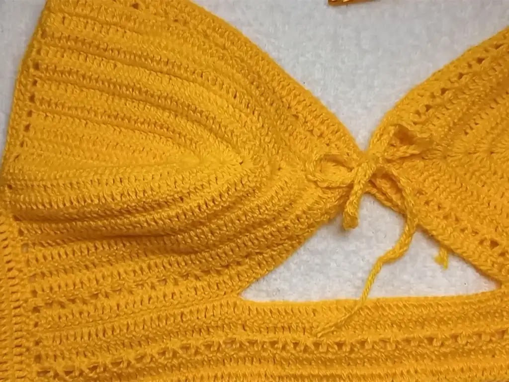 - Create Straps: Attach your yarn to the top corner edge of one cup (near the join you just created). Chain the desired length for your strap (typically 20-30 chains). Fasten off your yarn and weave in the end. Repeat this process on the other side to create the second strap.
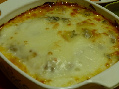 オーブンから取り出すとチーズが溶けてグツグツいってた。
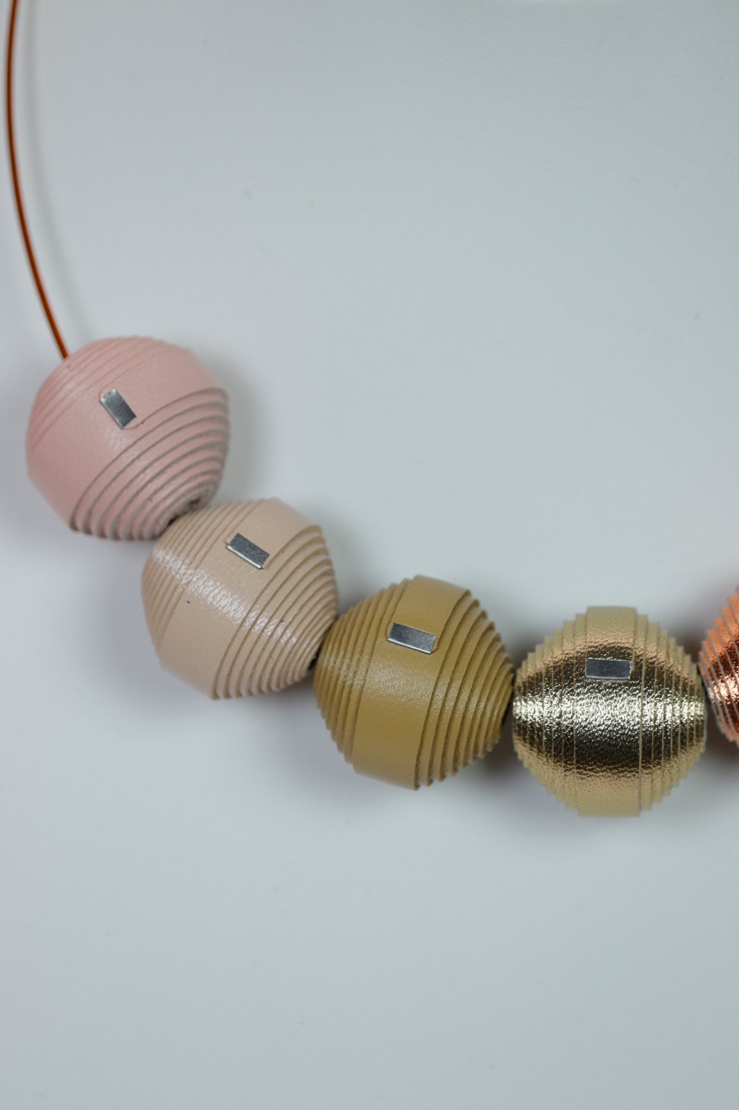 Eleganță subtilă, posibilități nelimitate. Acest Premium Box oferă 7 mărgele din piele în tonuri sofisticate nude și metalice, plus 2 baze de colier. Creează-ți propriile look-uri rafinate, minimaliste sau statement, fără efort.
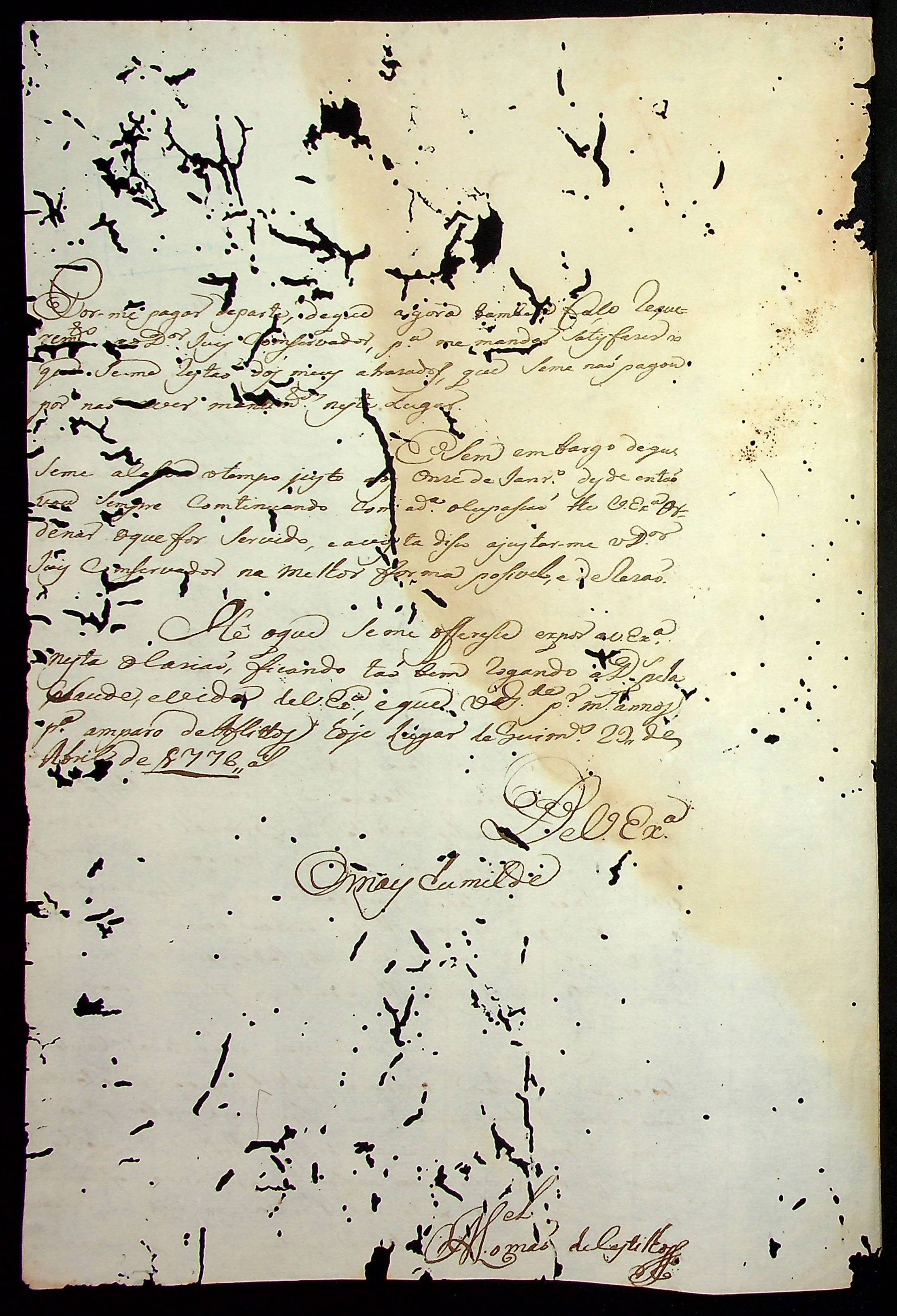 CARTA de Manoel [Tomás de Castilho] ao [Governador e Capitão-General da Capitania de Mato Grosso Luiz de Albuquerque de Melo Pereira e Cáceres].
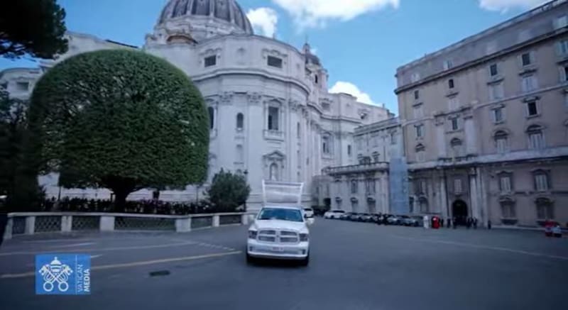 El traslado duró cerca de media hora, desde la Plaza de San Pedro, en donde se realizó la Misa Exequial. Fue en un papamóvil adaptado para esta ceremonia fúnebre para que que se pueda ver el féretro y que el pontífice usó en un viaje a Oriente.
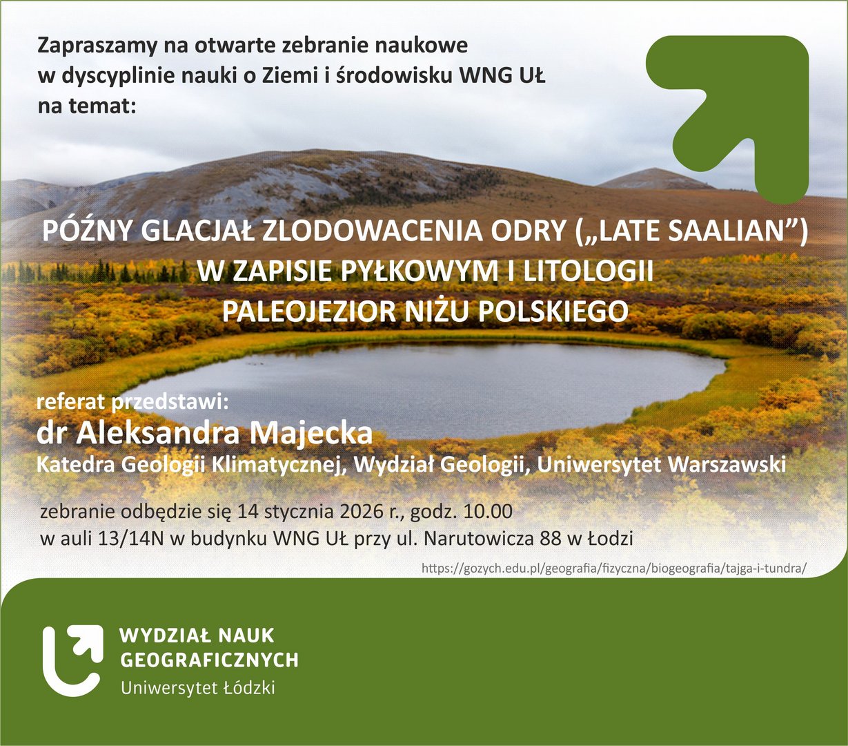 Zapraszamy na otwarte zebranie naukowe w dyscyplinie nauki o Ziemi i środowisku WNG UŁ podczas którego dr Aleksandra Majecka z Katedry Geologii Klimatycznej, Wydziału Geologii, Uniwersytetu Warszawskiego przedstawi najnowsze wyniki badań nad paleogeografią schyłku zlodowacenia odry uzyskanych na podstawie badań litologicznych i paleobotanicznych.
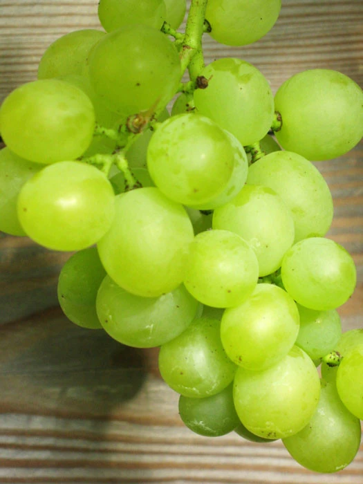 | Frucht: | Große, lockere Trauben mit mittelgroßen, gelben und knackigen Beeren. |
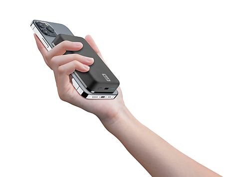 MAG 10000 er en bærbar batterilader som er kompatibel med MagSafe-teknologi. Festes til iPhone som er utstyrt med MagSafe uten behov for kabler.
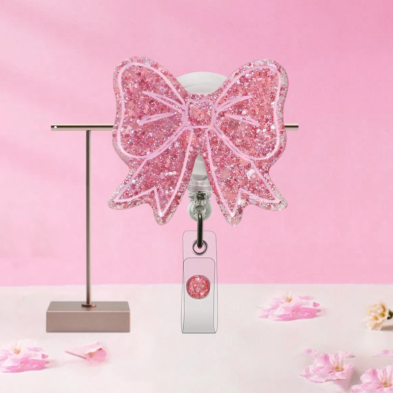 Sparkling Bow Badge Reel, with Retractable Cord and Swivel Alligator Clip, for Nurses Teachers Doctors Medical Assistants (Rose Gold)
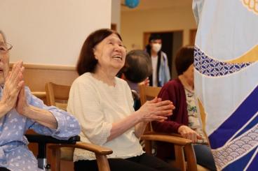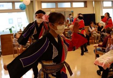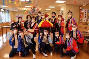 ひと月程前から、朝の体操や午後のレクリエーションの時間にお客様と一緒に練習してきた、『東京音頭』と『炭坑節』を踊りました。
+ + + + + + +
YOUR GOAL :: Pictures aside, the material must be written out word for word.

RESPONSE TO THE EXERCISE ::
 - Create Straps: Attach your yarn to the top corner edge of one cup (near the join you just created). Chain the desired length for your strap (typically 20-30 chains). Fasten off your yarn and weave in the end. Repeat this process on the other side to create the second strap.
 オーブンから取り出すとチーズが溶けてグツグツいってた。
 Eleganță subtilă, posibilități nelimitate. Acest Premium Box oferă 7 mărgele din piele în tonuri sofisticate nude și metalice, plus 2 baze de colier. Creează-ți propriile look-uri rafinate, minimaliste sau statement, fără efort.
 CARTA de Manoel [Tomás de Castilho] ao [Governador e Capitão-General da Capitania de Mato Grosso Luiz de Albuquerque de Melo Pereira e Cáceres].
 El traslado duró cerca de media hora, desde la Plaza de San Pedro, en donde se realizó la Misa Exequial. Fue en un papamóvil adaptado para esta ceremonia fúnebre para que que se pueda ver el féretro y que el pontífice usó en un viaje a Oriente.
 Zapraszamy na otwarte zebranie naukowe w dyscyplinie nauki o Ziemi i środowisku WNG UŁ podczas którego dr Aleksandra Majecka z Katedry Geologii Klimatycznej, Wydziału Geologii, Uniwersytetu Warszawskiego przedstawi najnowsze wyniki badań nad paleogeografią schyłku zlodowacenia odry uzyskanych na podstawie badań litologicznych i paleobotanicznych.
 | Frucht: | Große, lockere Trauben mit mittelgroßen, gelben und knackigen Beeren. |
 MAG 10000 er en bærbar batterilader som er kompatibel med MagSafe-teknologi. Festes til iPhone som er utstyrt med MagSafe uten behov for kabler.
 Sparkling Bow Badge Reel, with Retractable Cord and Swivel Alligator Clip, for Nurses Teachers Doctors Medical Assistants (Rose Gold)
 ひと月程前から、朝の体操や午後のレクリエーションの時間にお客様と一緒に練習してきた、『東京音頭』と『炭坑節』を踊りました。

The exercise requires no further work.